### GIVEN INFORMATION
= = = = =
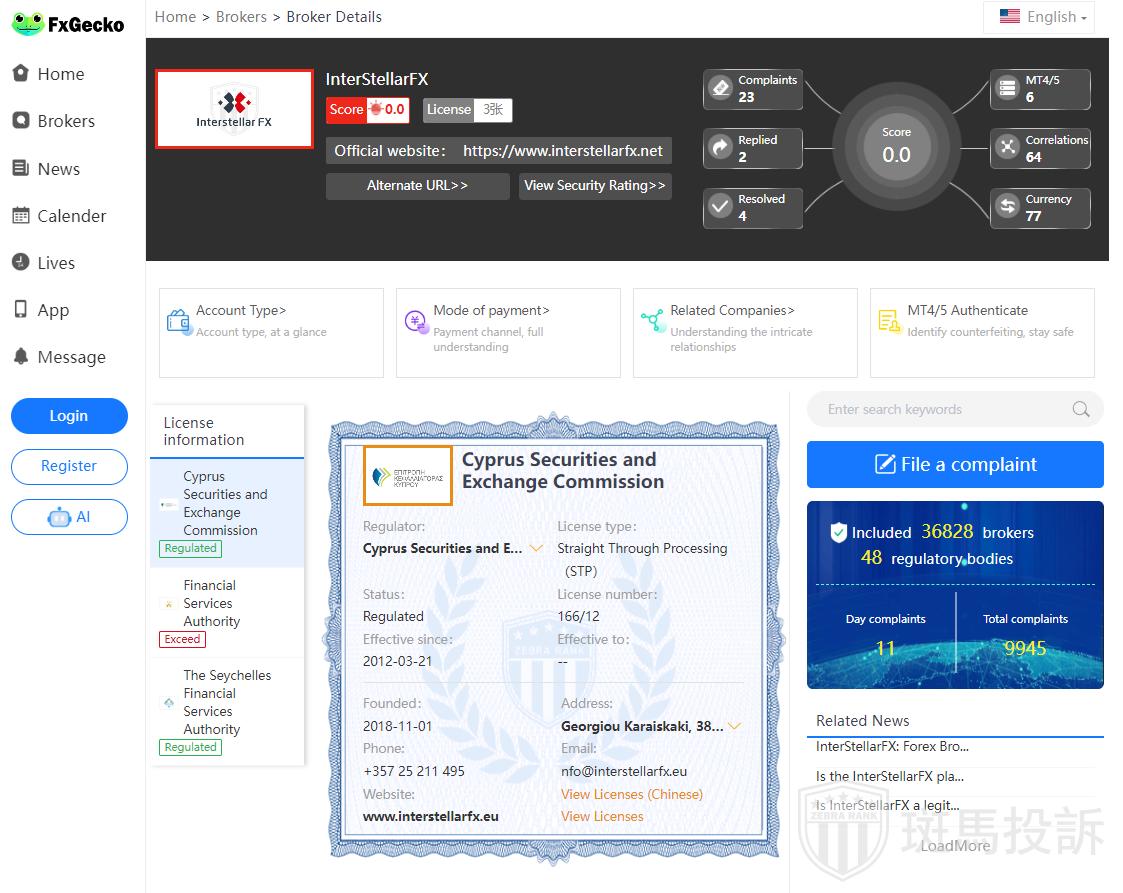 2. Regulatory Fraud:InterStellar Fx's regulatory information indicates that it holds a Cyprus regulatory licence, but in reality, the licensed company is not the same company as the company that corresponds to InterStellar Fx's MT4 account. This shows that InterStellar Fx has serious non-transparency and falsification in regulation, which further aggravates the risk for investors.
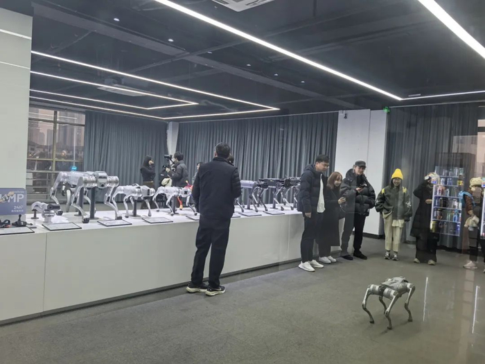 与DeepSeek高大上的办公环境不同,宇树科技显得颇为不起眼,同一栋大楼的标识牌上,一边是宇树科技,另一边是另一家机器人公司。记者到达时,宇树科技工作人员正在演示四足机器人的强大功能,展厅陈列着不同型号的机器人。
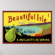 From a vintage fruit crate label from Tasmania, Australia, comes a super colourful design of a blue beach with orchards and mountains in the background an a pear in the foreground.
= = = = =
### THE PROBLEM
The final stretch of the data, from the line with "与DeepSeek高大上的办" through its last line, is to be retyped exactly; pictures are not part of the copy.

### RESPONSE BOX
 与DeepSeek高大上的办公环境不同,宇树科技显得颇为不起眼,同一栋大楼的标识牌上,一边是宇树科技,另一边是另一家机器人公司。记者到达时,宇树科技工作人员正在演示四足机器人的强大功能,展厅陈列着不同型号的机器人。
 From a vintage fruit crate label from Tasmania, Australia, comes a super colourful design of a blue beach with orchards and mountains in the background an a pear in the foreground.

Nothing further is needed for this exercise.